The characters in VN’s novel Dar (“The Gift,” 1937) include Frau Stoboy, Fyodor’s landlady:
Затем, все тем же взлетающим шагом, он воротился к дому. Там, на панели, не было сейчас никого, ежели не считать трех васильковых стульев, сдвинутых, казалось, детьми. Внутри же фургона лежало небольшое коричневое пианино, так связанное, чтобы оно не могло встать со спины, и поднявшее кверху две маленьких металлических подошвы. На лестнице он встретил валивших вниз, коленями врозь, грузчиков, а пока звонил у двери новой квартиры, слышал, как наверху переговариваются голоса, стучит молоток.
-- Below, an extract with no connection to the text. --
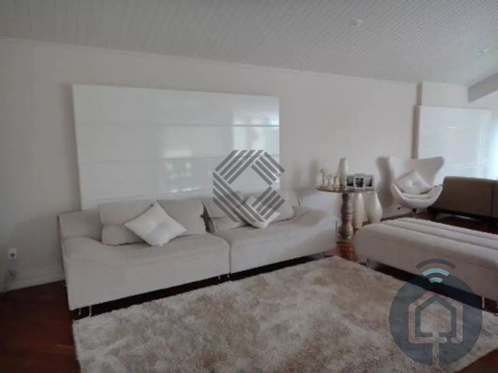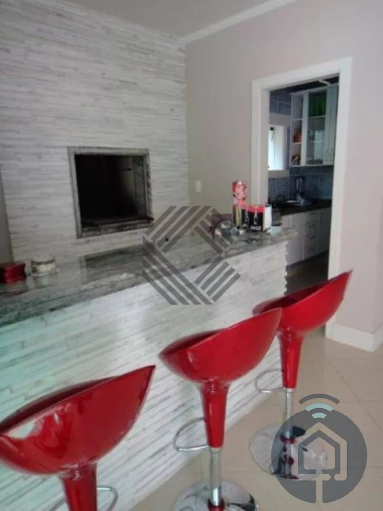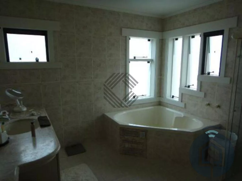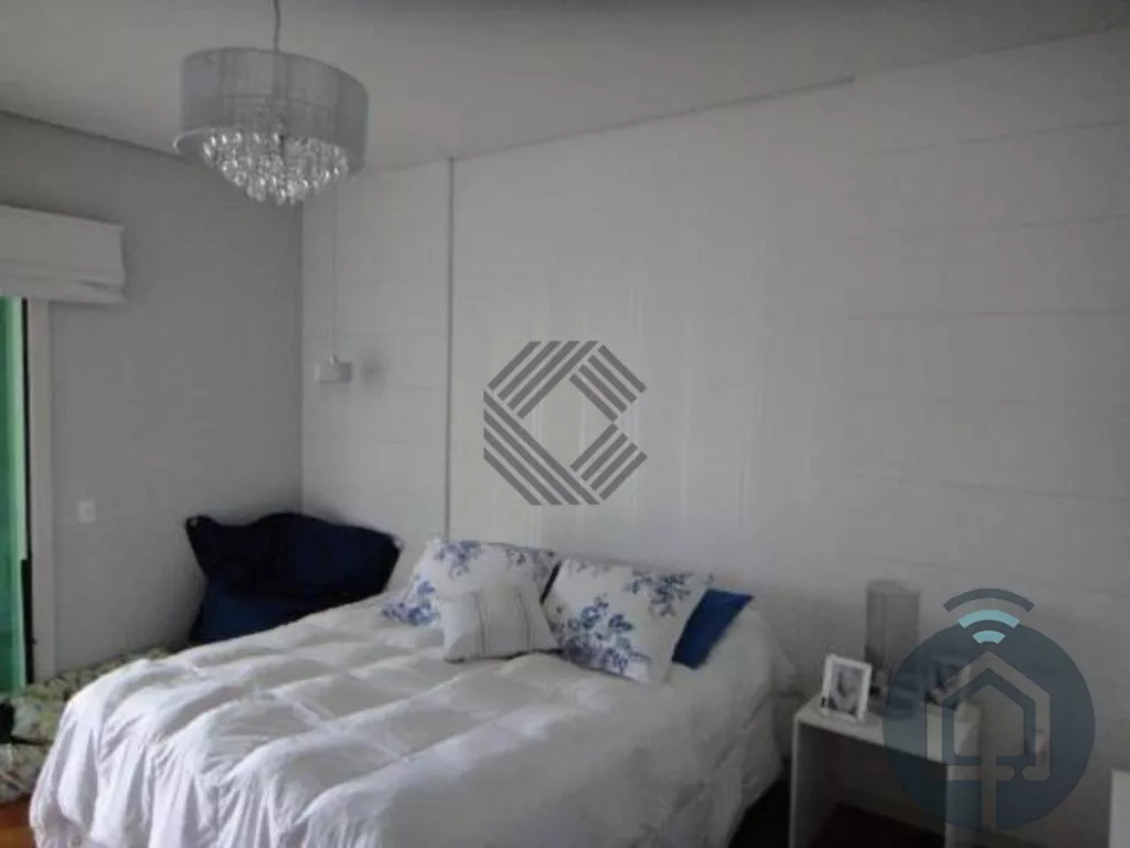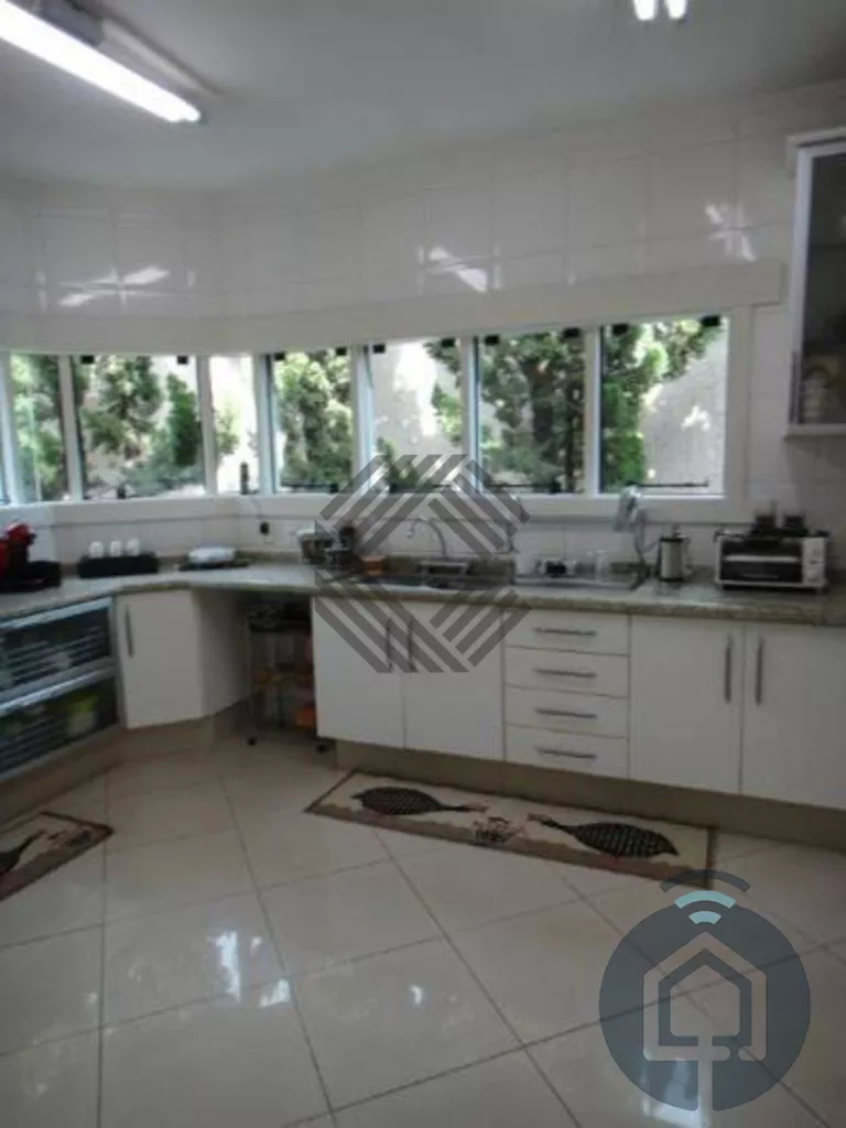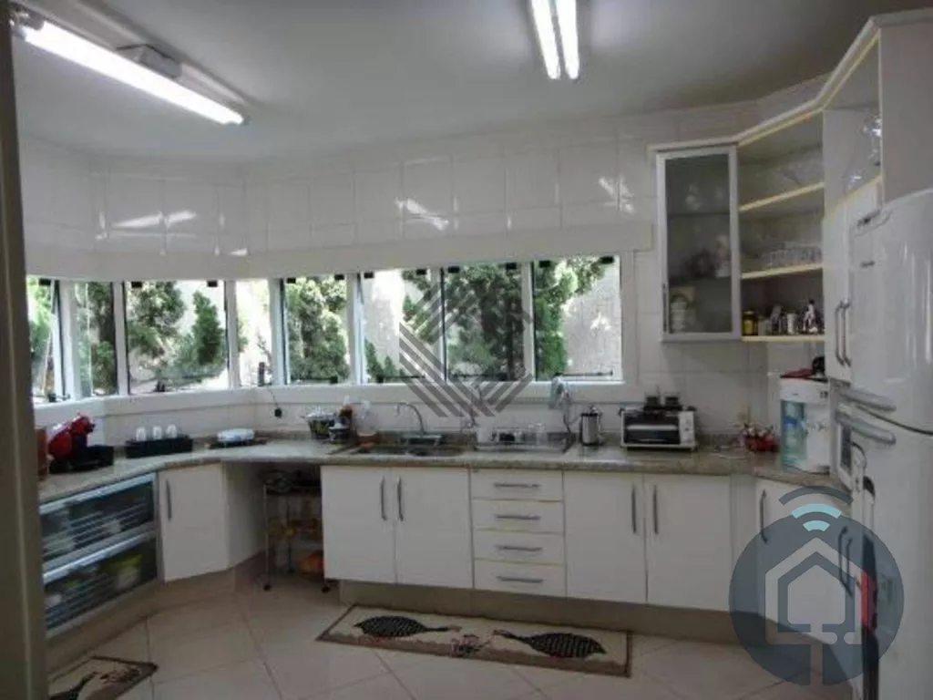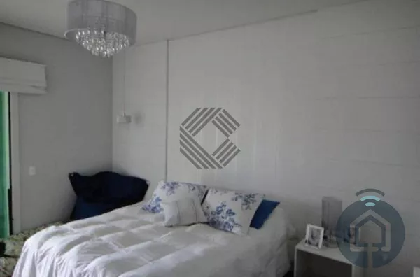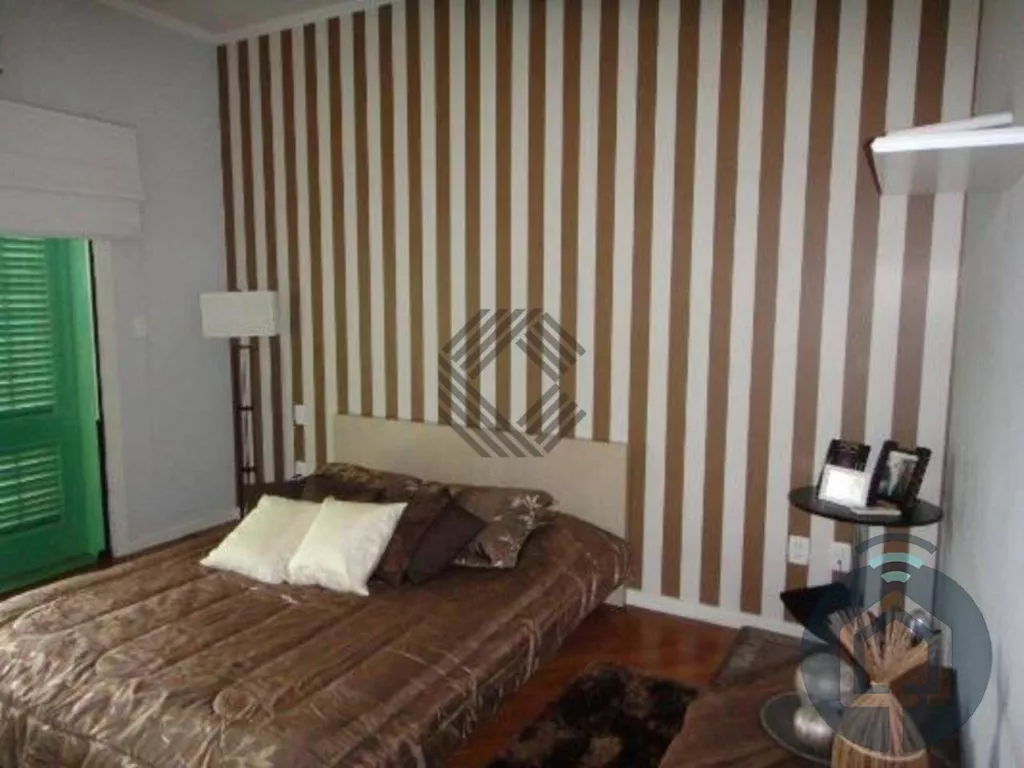 Sobrado de alto padrão, com excelente acabamento, localizado em condomínio fechado. O imóvel conta com 4 suítes avarandadas com closet planejado, sendo 1 máster com banheira de hidromassagem, hall de entrada todo em mármore travertino, sala de estar, sala de tv e living com lareira integrados, lavabo em mármore travertino, copa, cozinha planejada, despensa e lavanderia com armários modulados, dependência de empregados, área de secagem de roupas, área gourmet em granito e mármore branco, churrasqueira, cozinha de apoio com armários planejados, despensa, adega, piscina com piso castellato, quintal gramado, banheiro externo de apoio e garagem para 7 carros, sendo 4 vagas cobertas.

Впустив его, квартирохозяйка сказала, что положила ключи к нему в комнату. У этой крупной, хищной немки было странное имя; мнимое подобие творительного падежа придавало ему звук сентиментального заверения: ее звали Clara Stoboy.
Thereupon he returned with the same springy step to the house. The sidewalk before it was now empty save for three blue chairs that looked as if they had been placed together by children. Within the van a small brown piano lay supine, tied up so that it could not rise, and with its two little metal soles up in the air. On the stairs he met the movers pounding down, knees turned out, and, as he was ringing the doorbell of his new abode, he heard voices and hammering upstairs. His landlady let him in and said that she had left his keys in his room. This large, predatory German woman had a funny name: Klara Stoboy—which to a Russian’s ear sounded with sentimental firmness as “Klara is with thee (s toboy).” (Chapter One)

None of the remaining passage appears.